Matt carries himself like a bully. He just does. I always assumed that was the brand he was going for. Because he sure sells it.
That being truth, I could not stop laughing at the lack of self-awareness that must have gone into Matt writing this:
I hold reality at a premium. As a boy I was, and yet remain, an insolent “gender-conformist.” As such, I learned to scrap from an early age. My father was, and I would later become, a professional boxer. He trained me, my three brothers and, yes, my two sisters, how to properly use our fists in defense of both self and others. In the sticks of central Oklahoma, such talents were not infrequently advantageous as, at that time and in that region of the country – before liberal ninnies took to feminizing them – “conflict resolution” between boys usually ended with eyes blackened, knees skinned, noses bloodied and shirts ruined.
Still, under threat of a brightly hued backside, we were likewise taught that to use the physical skills we developed and honed to either pick fights or to bully others was both intolerable and dishonorable (this was a bygone era when words like “tolerance” and “honor” still meant something – before “progressive” propagandists turned them inside-out).
I can’t abide bullies. Never could. Most decent folks can’t. This is how I was raised. It’s also how I’m raising our three children. As did my father before me, I am teaching and equipping them to stand up to bullies. Not just when, and if, they happen to be the target of bullying themselves, but also when, and if, others are targeted. I’m raising my children to be friend to the friendless and champion to the vulnerable. I’m proud to say that all three of them are naturally inclined to such. I credit both God and His word of truth for that.
FULL: How Christian Kids Should Deal With ‘LGBT’ Peers [BarbWire]
Ha! Ha, ha, ha, ha, ha! I mean, seriously—HA!

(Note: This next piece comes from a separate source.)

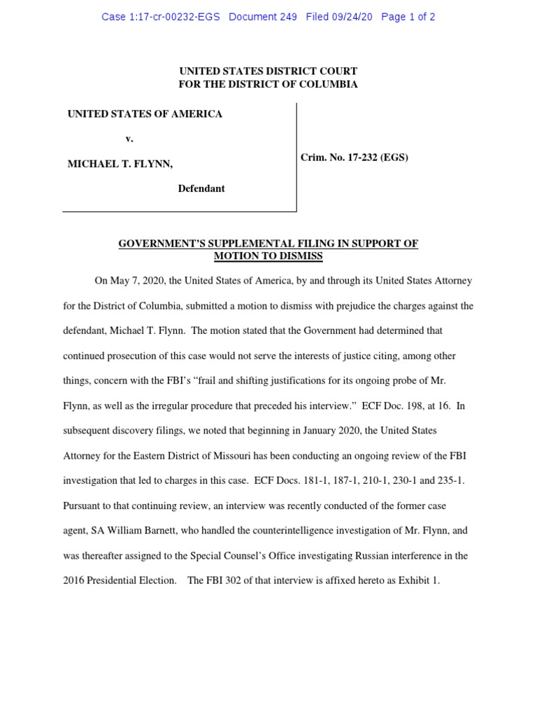 On May 7, 2020, the United States of America, by and through its United States Attorney for the District of Columbia, submitted a motion to dismiss with prejudice the charges against the defendant, Michael T. Flynn. The motion stated that the Government had determined that continued prosecution of this case would not serve the interests of justice citing, among other things, concern with the FBI’s “frail and shifting justifications for its ongoing probe of Mr. Flynn, as well as the irregular procedure that preceded his interview.” ECF Doc. 198, at 16. In subsequent discovery filings, we noted that beginning in January 2020, the United States Attorney for the Eastern District of Missouri has been conducting an ongoing review of the FBI investigation that led to charges in this case. ECF Docs. 181-1, 187-1, 210-1, 230-1 and 235-1. Pursuant to that continuing review, an interview was recently conducted of the former case agent, SA William Barnett, who handled the counterintelligence investigation of Mr. Flynn, and was thereafter assigned to the Special Counsel’s Office investigating Russian interference in the 2016 Presidential Election. The FBI 302 of that interview is affixed hereto as Exhibit 1.

It's bad enough that Matt fails to recognize himself as a bully, but the part where he says he "can't abide bullies" adds insult to that insecurity-masked-as-certainty. Matt is the proprietor of BarbWire, a site that is one of the most proudly brutish takes on LGBT rights you will find anywhere. Even the graphics on that site (which routinely feature gay twists on Hitler or other Nazi imagery) are purposely chosen for their potential to browbeat. It's not a place for sharp commentary or deep political analysis—it's a forum for extremely anti-LGBT people to be as openly, defiantly, and negligently anti-LGBT as they'd like, since the Bully-in-Chief is not going to censor their true feelings (although Matt does block dissenting comments from people like me).
I do hope Matt is raising his children the way he says. And he very well might be; public people are often quite different in their private lives, with many chasms between their chosen line of work and their familial instincts. But let's be 100% clear here: Matt Barber's written and spoken advocacy on LGBT issues is both a textbook example of how to conduct yourself like an adult political bully against a minority population, as well as primer for how young potential bullies can justify their aggressions against LGBT youth. Matt is the kind of activist with whom I would never agree to a dialogue or an attempt at a constructive conversation because his long body of work tells me there isn't a scintilla of room there. You can't negotiate with his kind of advocacy. Which is to say, you can't negotiate with bullies.